Akata Saha1, Tomoyuki Minowa1, Alexander S. Shavkunov1, Avery J. Salmon1, Sunita Keshari1, Kristen E. Pauken1, Kenneth H. Hu1, Ken Chen2, Matthew M. Gubin1

1Immunology, UT MD Anderson Cancer Center, Houston, TX,2Bioinformatics and Computational Biology, UT MD Anderson Cancer Center, Houston, TX

摘要 Abstract

The transcriptional programs that enable CD4 and CD8 T cells to sustain anti-tumor immunity are not fully defined. We investigated the role of the transcriptional regulator Bhlhe40 in shaping CD4 and CD8 T cell responses during anti-PD-1 and anti-CTLA-4 immune checkpoint therapy (ICT).
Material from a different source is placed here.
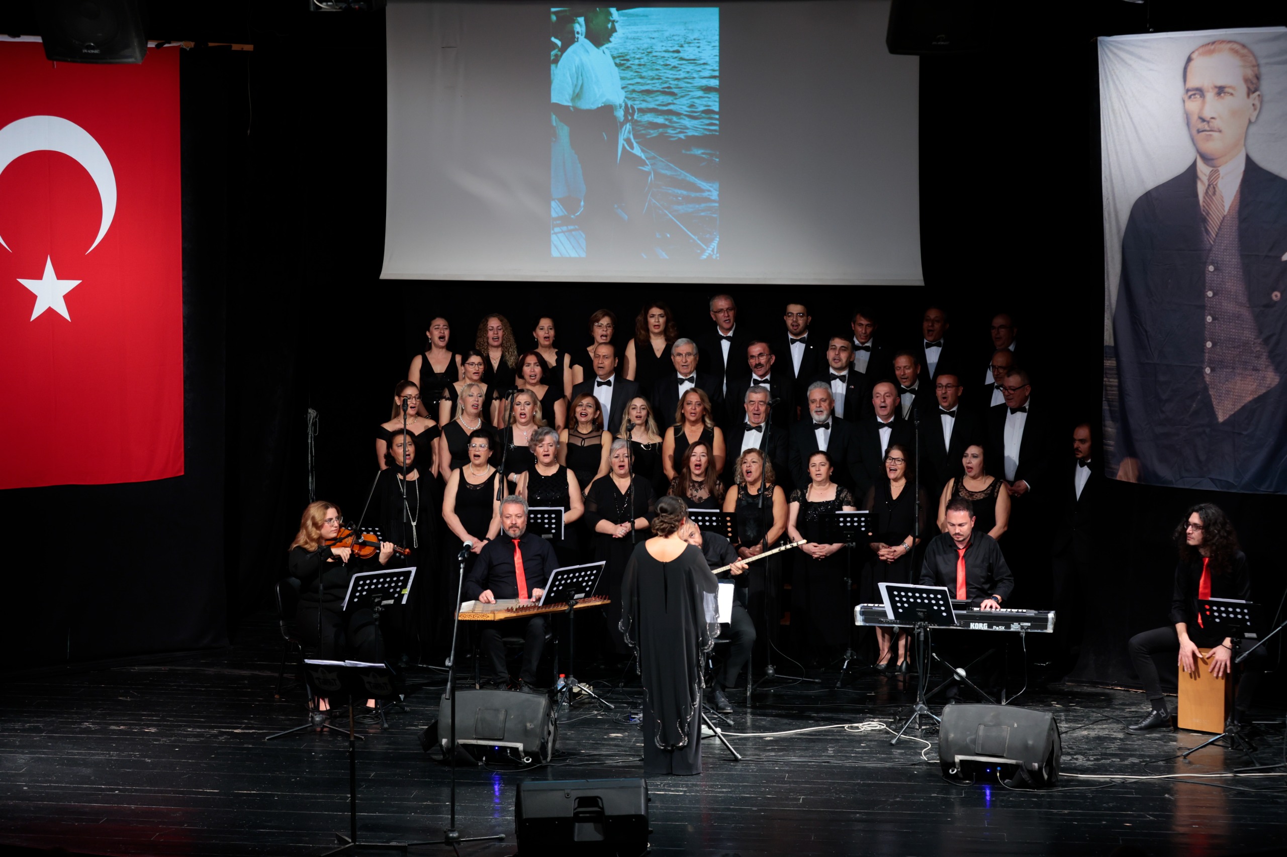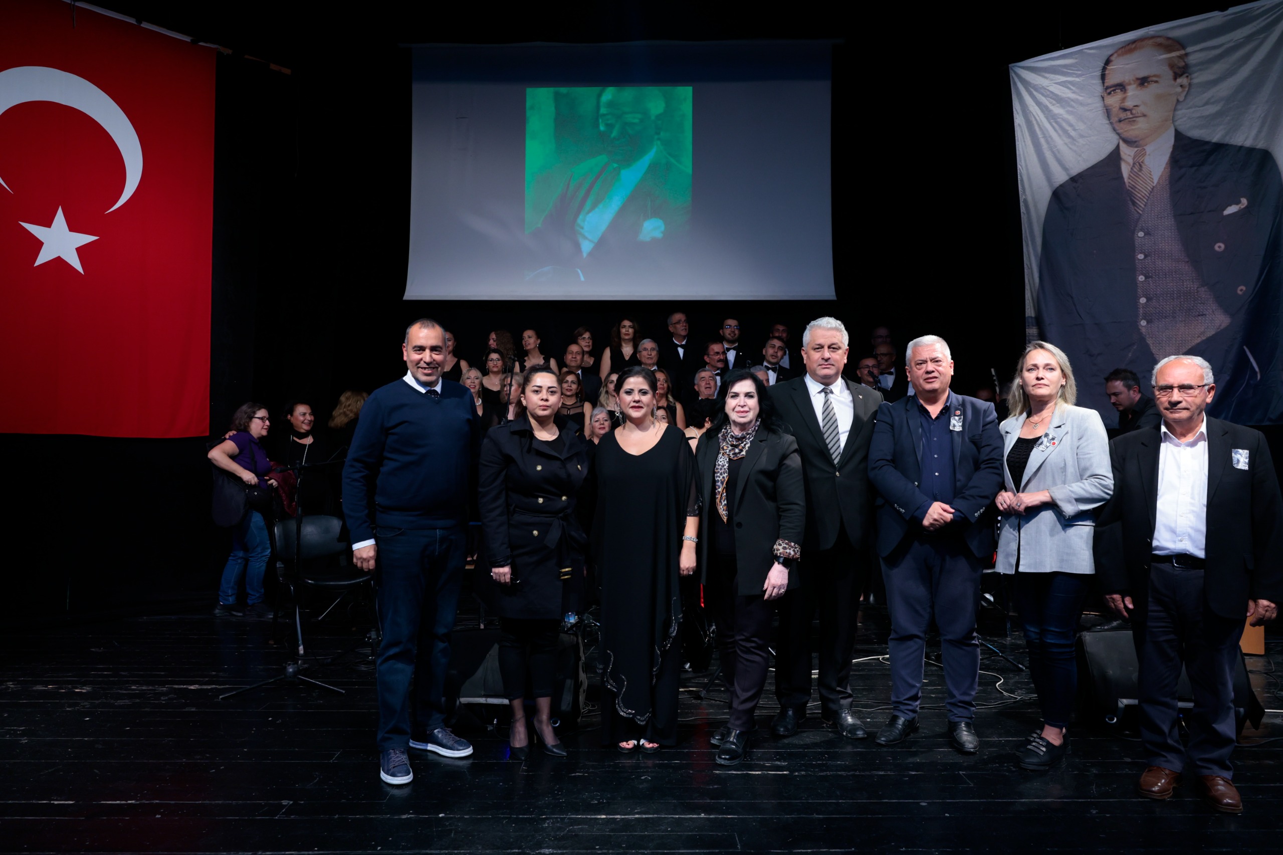 Konak Belediyesi Türk Halk Müziği Topluluğu, Ulu Önder Gazi Mustafa Kemal Atatürk’ün ebediyete intikalinin 87. yılı anma etkinlikleri kapsamında Konaklılara unutulmaz bir konser verdi. Güzelyalı Nazım Hikmet Kültür Merkezi’nde yoğun katılımla gerçekleşen “Sonsuz İz” adlı konserde, Atatürk’ün sevdiği şarkıları Şef Bahar Almaç yönetiminde seslendiren koro üyeleri, “Fikrimin İnce Gülü”, “Manastırın Ortasında”, “Kırmızı Gülün Alı Var” ve “Hoş Gelişler Ola” gibi 15 eserle Konaklılara duygu dolu anlar yaşattı. Konak Belediyesi Meclis Üyeleri, CHP Konak İlçe Yöneticileri, belediye bürokratları, siyasi parti temsilcileri, muhtarlar ve vatandaşlar konseri ilgiyle izledi.

Using conditional knockout mice, we found that anti-PD-1 efficacy depends on CD8 T cell-intrinsic Bhlhe40, with potential contribution from CD4 T cells. In contrast, anti-CTLA-4 relies primarily on CD4 T cell-intrinsic Bhlhe40 and remains effective even without Bhlhe40 in CD8 T cells. Loss of Bhlhe40 skewed CD8 T cells toward TCF-1+ naïve/progenitor exhausted-like states, impairing IFNgamma production, glycolysis, and mitochondrial fitness. CD8 T cell-intrinsic Bhlhe40 was also required for ICT-driven macrophage remodeling from suppressive CX3CR1 + to iNOS + macrophages. Analysis of human cancer datasets showed that BHLHE40 is enriched in tumor-reactive and activated/exhausted CD8 T cells, correlating inversely with TCF7 (TCF-1) and positively with TOX and IFNG . Importantly, higher BHLHE40 expression was observed in responders to ICT in a cohort of patients with basal cell cancer. Together, these findings show Bhlhe40 is a subset- and therapy-specific regulator of T cell programs, controlling effector differentiation, metabolism, and ICT efficacy, providing a mechanistic basis for the divergent modes of action of anti-PD-1 versus anti-CTLA-4.
利益披露 Disclosure
A. Saha, None.. T. Minowa, None.. A. S. Shavkunov, None.. A. J. Salmon, None.. S. Keshari, None.. K. E. Pauken, None.. K. H. Hu, None.. K. Chen, None.. M. M. Gubin, None.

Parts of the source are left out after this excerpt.